If the method=Sample(save_warmup=true) is used, it is possible to retrieve just the warmup samples by calling

read_stanfit_warmup_samples(stanmodel)

After a Stanmodel has been created, the workhorse function stan() is called to run the simulation.

The stan() call uses 'make' to create (or update when needed) an executable with the given model.name, e.g. bernoulli in the above example. If no model String (or of zero length) is found, a message will be shown.

If the Julia REPL is started in the correct directory, stan(model) is sufficient for a model that does not require a data file. See the Binormal example.

The full signature of stan() is:

function stan(
  model::Stanmodel,
  data=Nothing, 
  ProjDir=pwd();
  summary=true, 
  diagnostics=false, 
  StanDir=CMDSTAN_HOME)

All parameters to compile and run the Stan script are implicitly passed in through the model argument.

In Stan.jl v"1.0.3" an example has been added to show passing in parameter values to Stanmodel (see below version release note 2). The example can be found in directory Examples/BernoulliInitTheta.

What's new and planned

Version 2.0.0 (Currently slated for late 2017 and possibly Julia 1.0)
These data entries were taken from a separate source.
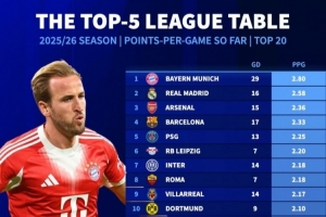 本賽季聯(lián)賽場均拿分榜:拜仁領(lǐng)跑,皇馬、阿森納、巴薩分列前四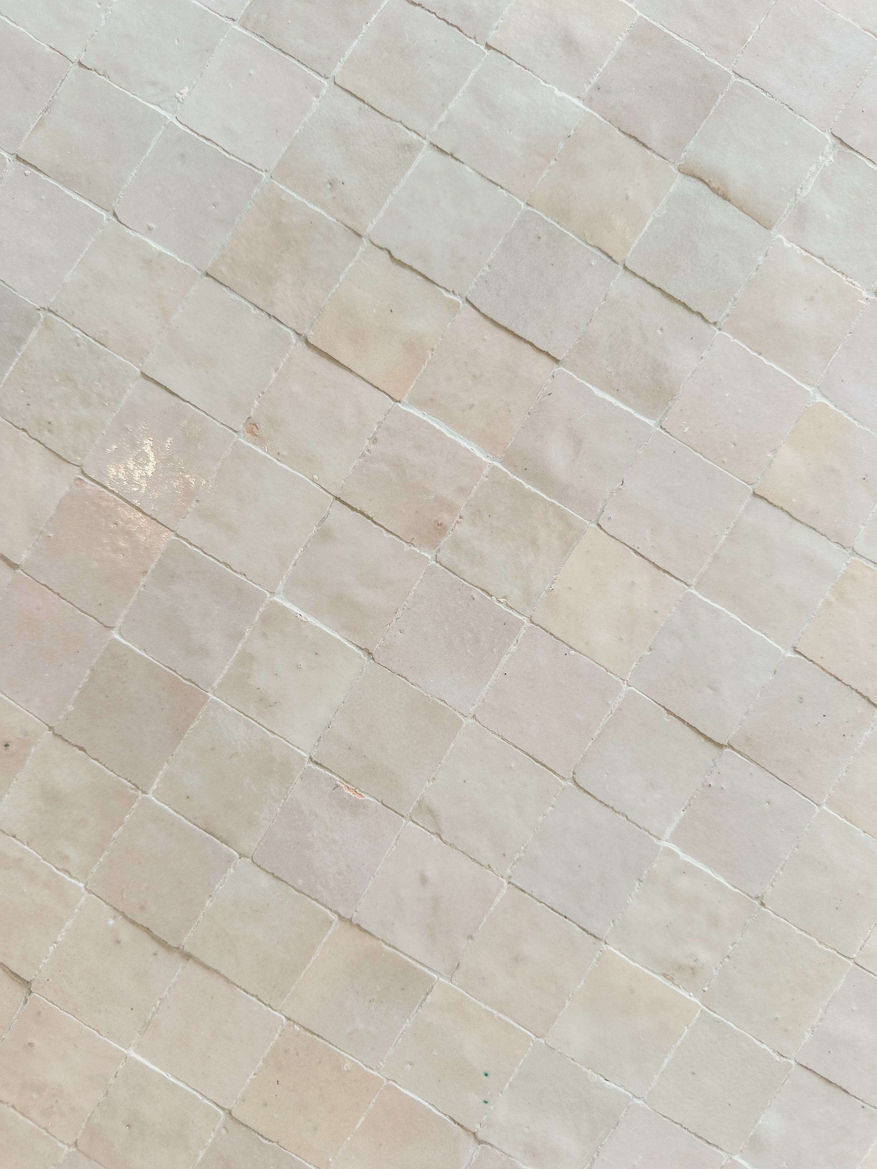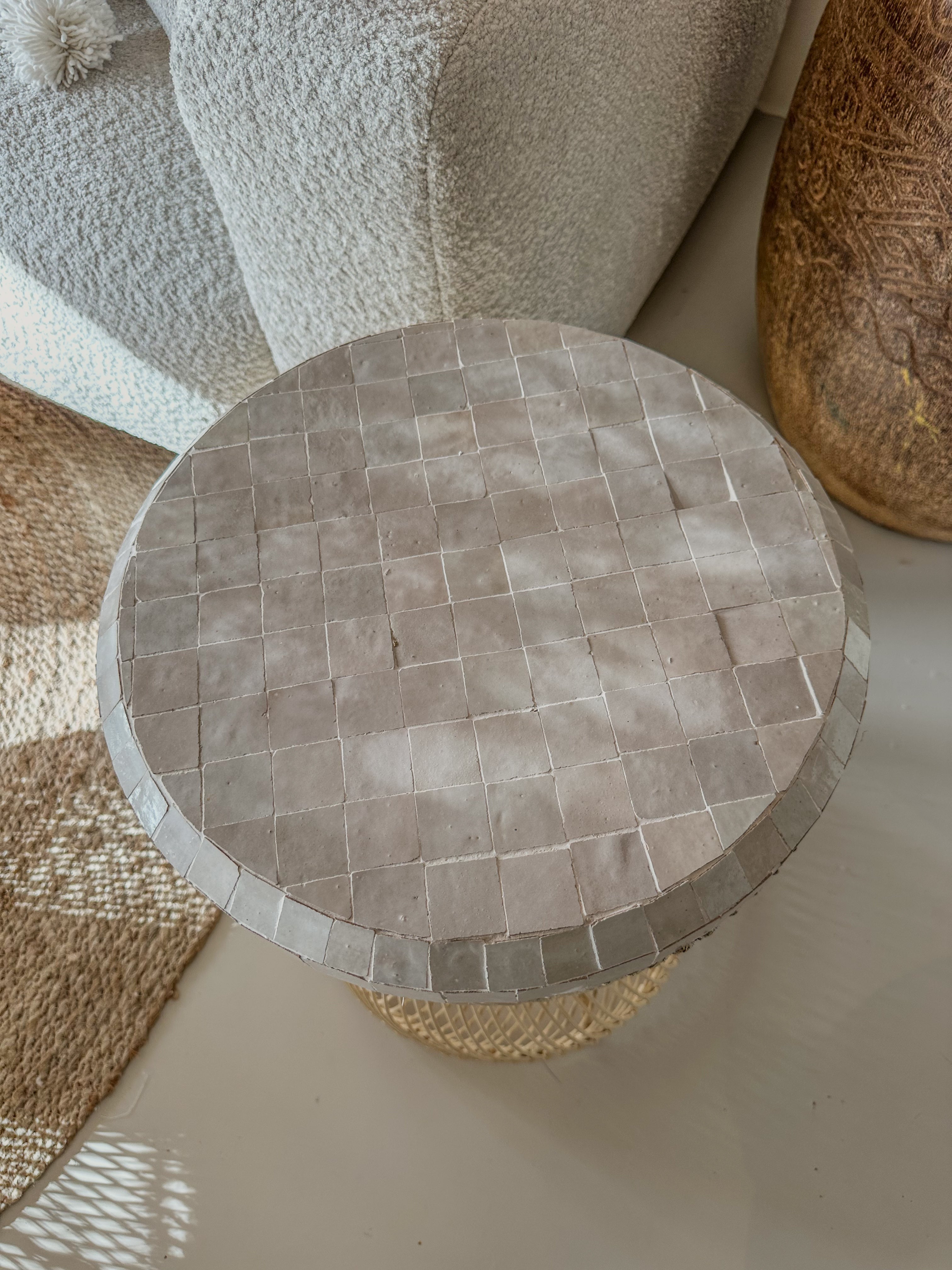Het ronde tafelblad is ingelegd met zellige tegeltjes – kleine handgesneden kleitegels die traditioneel in Marokko worden gemaakt. Elk tegeltje wordt met de hand geglazuurd, waardoor het blad een uniek patroon en een subtiele glans krijgt.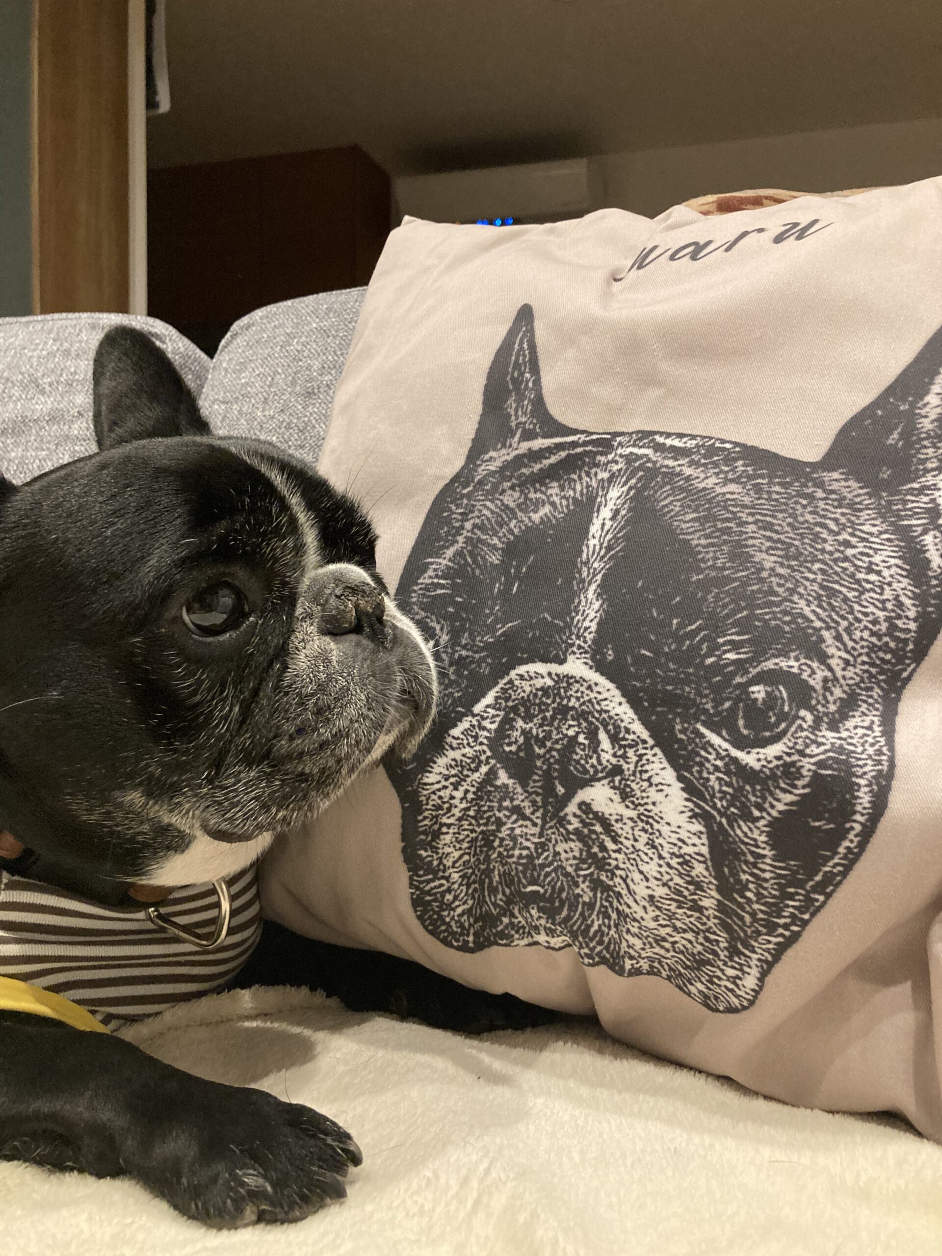先日まるちゃんクッションをもらいました🤣並んで撮影📷

Please see the "Future of Stan.jl" issue

Version 1.0 3 (next)

  1. Thanks to Jon Alm Eriksen the performance of update_R_file() has been improved tremendously.
  2. A further suggestion by Michael Prange to directly write to the R file also prevents a Julia segmentation trap for very large arrays (N > 10^6).
  3. Thanks to Maxime Rischard it is now possible for parameter values to be passed to a Stanmodel as an array of data dictionaries.
  4. Bumped REQUIRE for Julia to v"0.5.0".
  5. Fix for Stan 2.13.1 (for runs without a data file).
  6. Added Marco Cox' fix for scalar data elements.
  7. Updates to README suggested by Frederik Beaujean.
  8. Further work on initialization with Chris Fisher
  9. Added 2 test to track outstanding CmdStan issues (#510 and #547). Slated for Stan 3.0
  10. Fix to not depend on Homebrew on non OSX patforms
  11. Initiated the "Future of Stan.jl" discussion (Stan.jl issue #40).
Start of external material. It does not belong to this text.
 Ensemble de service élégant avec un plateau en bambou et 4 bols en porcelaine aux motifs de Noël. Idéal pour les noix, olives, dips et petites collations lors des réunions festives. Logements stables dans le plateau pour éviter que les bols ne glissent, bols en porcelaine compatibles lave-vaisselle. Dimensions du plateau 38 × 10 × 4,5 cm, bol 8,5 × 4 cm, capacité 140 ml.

Version 1.0.2 (currently tagged version)

  1. Bumped REQUIRE for Julia to v"0.5.0-rc3"
  2. Updated Homebrew section as CmdStan 2.11.0 is now available from Homebrew
  3. Updated .travis.yml to just test on Julia 0.5

Version 1.0.0

  1. Tested with Stan 2.11.0 (fixed a change in the diagnose .csv file format)
  2. Updated how CMDSTAN_HOME is retrieved from ENV (see also REQUIREMENTS section below)
  3. Requires Julia 0.5
  4. Requires Mamba 0.10.0
  5. Mamba needs updates to Graphs.jl (will produce warnings otherwise)

Version 0.3.2

  1. Cleaned up message in Pkg.test("Stan")
  2. Added experimental use of Mamba.contour() to bernoulli.jl (this requires Mamba 0.7.1+)
  3. Introduce the use of Homebrew to install CmdStan on OSX
  4. Pkg.test("Stan") will give an error on variational bayes
  5. Last version update for Julia 0.4

Requirements

To run this version of the Stan.jl package on your local machine, it assumes that:

  1. CmdStan (see http://mc-stan.org) is properly installed.
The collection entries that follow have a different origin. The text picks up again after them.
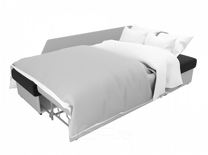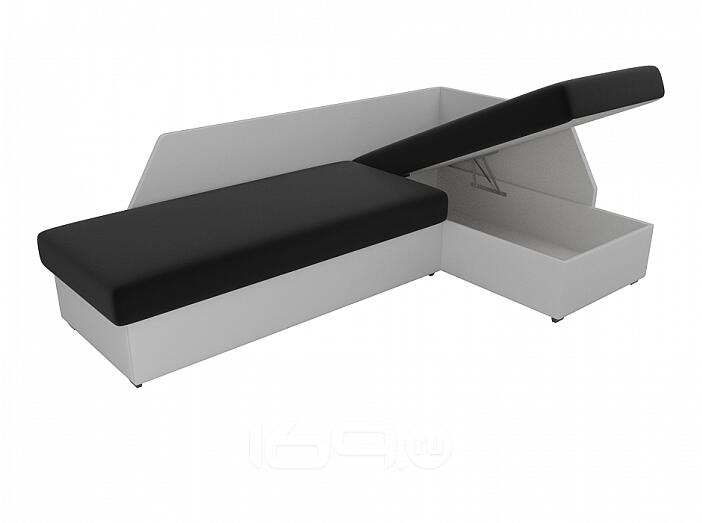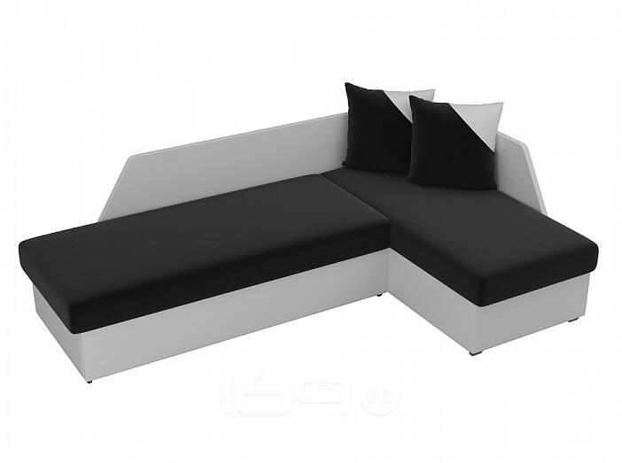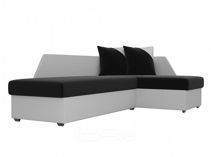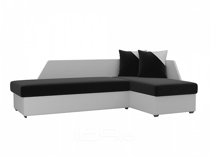 Диван угловой Андора правый Микровельвет Черный Экокожа Белый Дельфин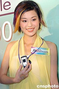 藝員胡杏兒4月16日在香港出席韓國GEO Mobile最新推出的潮流手機GC800發(fā)布會,胡杏兒為GEO Mobile代言人,以嶄新彩色駁發(fā)形象,與兩位人體彩繪舞蹈員共同展示GC800新手機。作者:鄧慶樂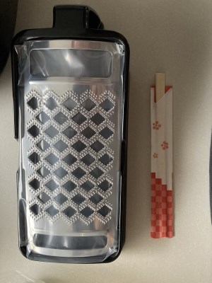 プラのおろし金が割れてしまったので、こちらを。 2週間程度で届きました。 結構大きいです。レンガひとつよりまだ大きい。 微妙にカーブしていて、よく下ろせます。 受け皿が、メッシュになっていて、余分な水分を落とせる仕組みになっています。これはいいですね。 あとは、歯がどれだけ長持ちするか、ですが、使った感じはとても良いです。

  2. Mamba (see https://github.com/brian-j-smith/Mamba.jl) is installed. It can be installed using Pkg.add("Mamba"). It requires Mamba v"0.10.0"

  3. On OSX, all examples check the environment variable JULIA_SVG_BROWSER to automatically display (in a browser) the simulation results (after creating .svg files), e.g. on my system I have exported JULIA_SVG_BROWSER="Google Chrome.app". For other platforms the final lines in the Examples/xxxx.jl files may need to be adjusted (or removed). In any case, on all platforms, both a .svg and a .pdf file will be created and left behind in the working directory.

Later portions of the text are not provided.